# Communities > Bladesmiths, Blacksmiths, Artisans and Professionals > Japanese-Style Sword Makers Cafe >  Concerning laminations and hamon

## Jason Arnold

I keep forgetting to ask these questions to someone, so now here goes.

Say you got a hocho. Say in the typical two pieces. The lamination gives the knife a hamon-like appearance, due to the the two contrasting materials. It recieved no clay coat, but technically its differentially hard and it makes a pattern. So do you still call it a hamon?

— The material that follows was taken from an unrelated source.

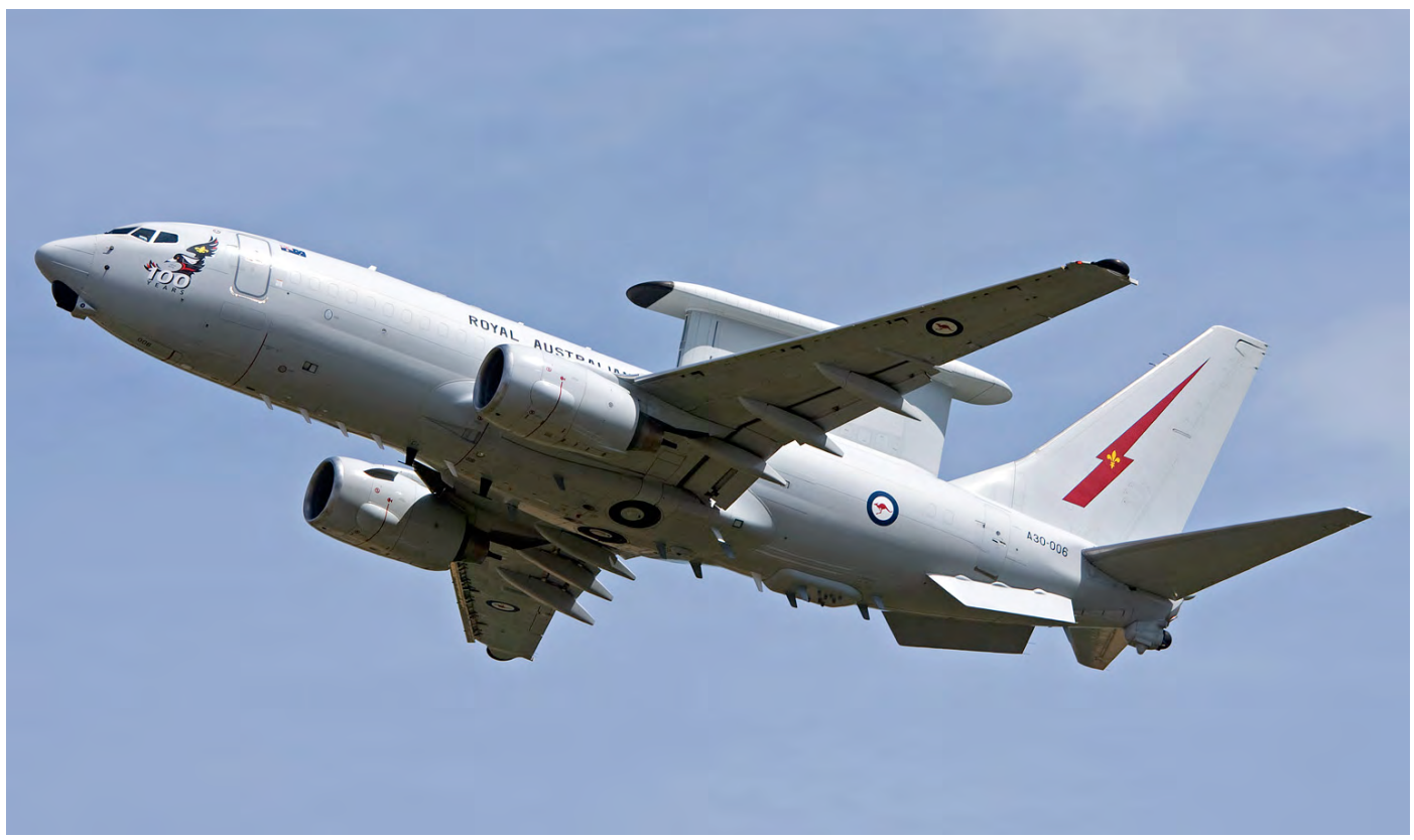
Another first was the visit of this E-7A Wedgetail of the Royal Australian Air Force. A30-006 is seen here during its departure, but it stayed in the UK, conducting several local missions from RAF Waddington in the following days. (Fairford, 17 July 2017, Rene Liebe)

Credits: Ben van Hemert, MSF, NAMAR, Scramble messageboard.

How many of these knives do you think were clay coated on top of the laminate? I mean to produce a hamon? I've seen no habuchi, only a weld seem. I've seen the blades washed over with some clay before, I assumed to cut down on quench stress, scale and decarb all at the same time. Reason why I ask, is because, assuming you welded iron or mild steel to a high carbon steel; heat and quench; you'd probably still get the effect of a hamon and an effective differentially hardened blade. No?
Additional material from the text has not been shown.